● **TASK TO COMPLETE**
I need every line from the start of the material below up to and including the line containing "- Bewerben: Voraussichtlich", restated exactly, with the pictures omitted.

● **GIVEN DATA**
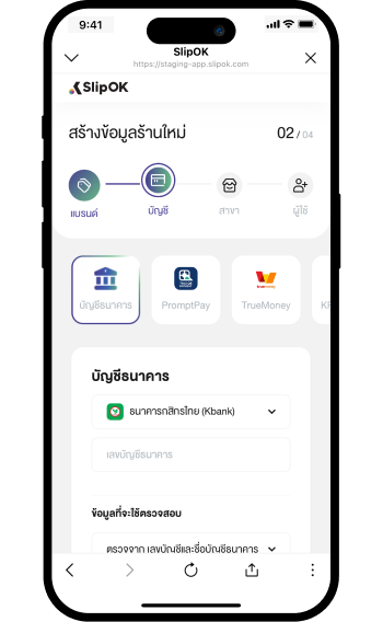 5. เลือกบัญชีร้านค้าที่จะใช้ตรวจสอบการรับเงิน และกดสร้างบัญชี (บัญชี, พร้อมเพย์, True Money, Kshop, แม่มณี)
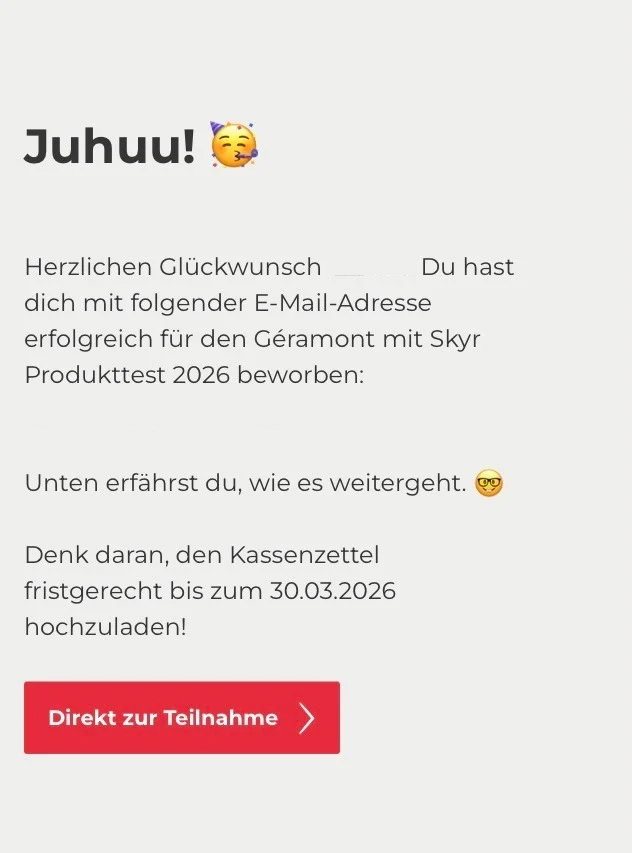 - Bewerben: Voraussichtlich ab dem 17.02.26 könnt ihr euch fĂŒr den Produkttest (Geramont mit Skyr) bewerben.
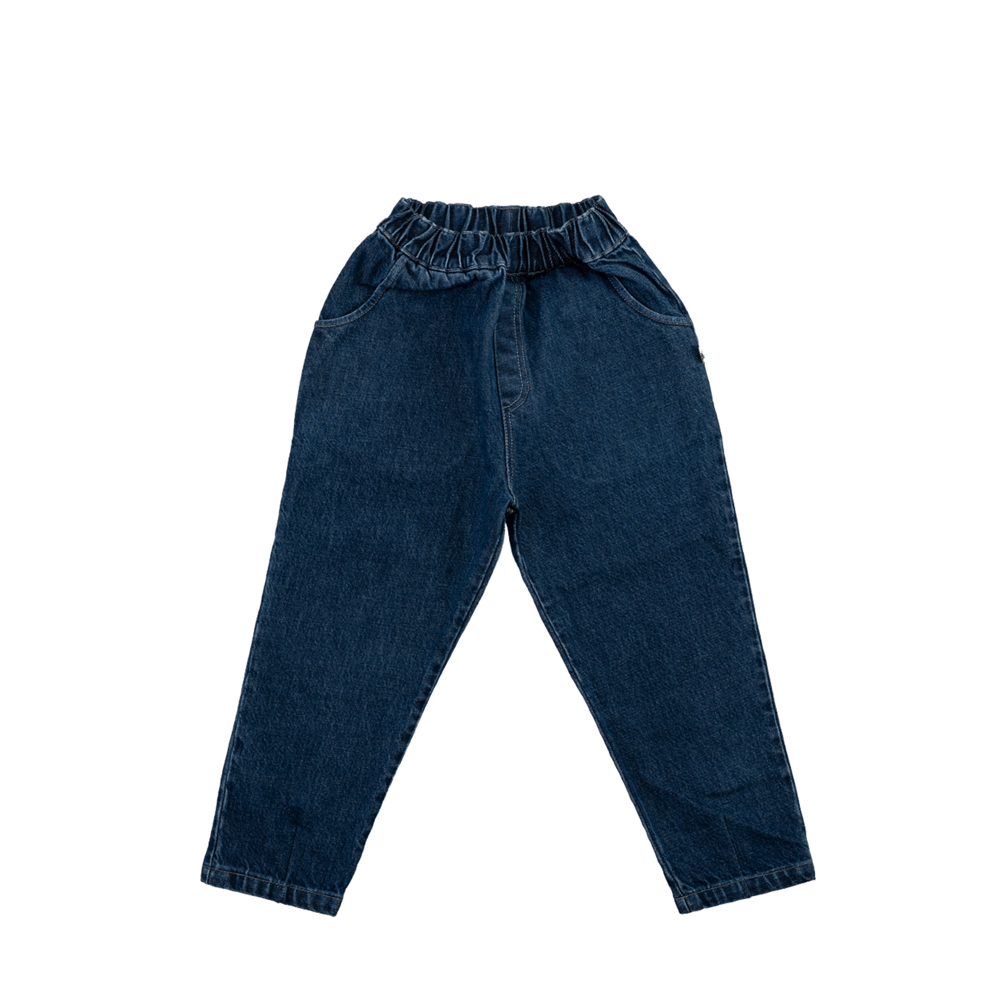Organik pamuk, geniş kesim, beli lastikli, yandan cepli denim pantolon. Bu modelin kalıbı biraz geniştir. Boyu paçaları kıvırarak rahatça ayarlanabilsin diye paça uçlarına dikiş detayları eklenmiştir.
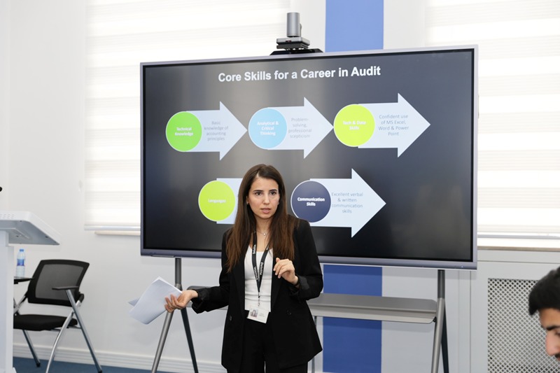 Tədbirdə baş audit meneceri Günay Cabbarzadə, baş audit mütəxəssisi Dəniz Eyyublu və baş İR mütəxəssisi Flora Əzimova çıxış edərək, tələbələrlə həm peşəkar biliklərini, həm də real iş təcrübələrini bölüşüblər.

● **OUTPUT**
 5. เลือกบัญชีร้านค้าที่จะใช้ตรวจสอบการรับเงิน และกดสร้างบัญชี (บัญชี, พร้อมเพย์, True Money, Kshop, แม่มณี)
 - Bewerben: Voraussichtlich ab dem 17.02.26 könnt ihr euch fĂŒr den Produkttest (Geramont mit Skyr) bewerben.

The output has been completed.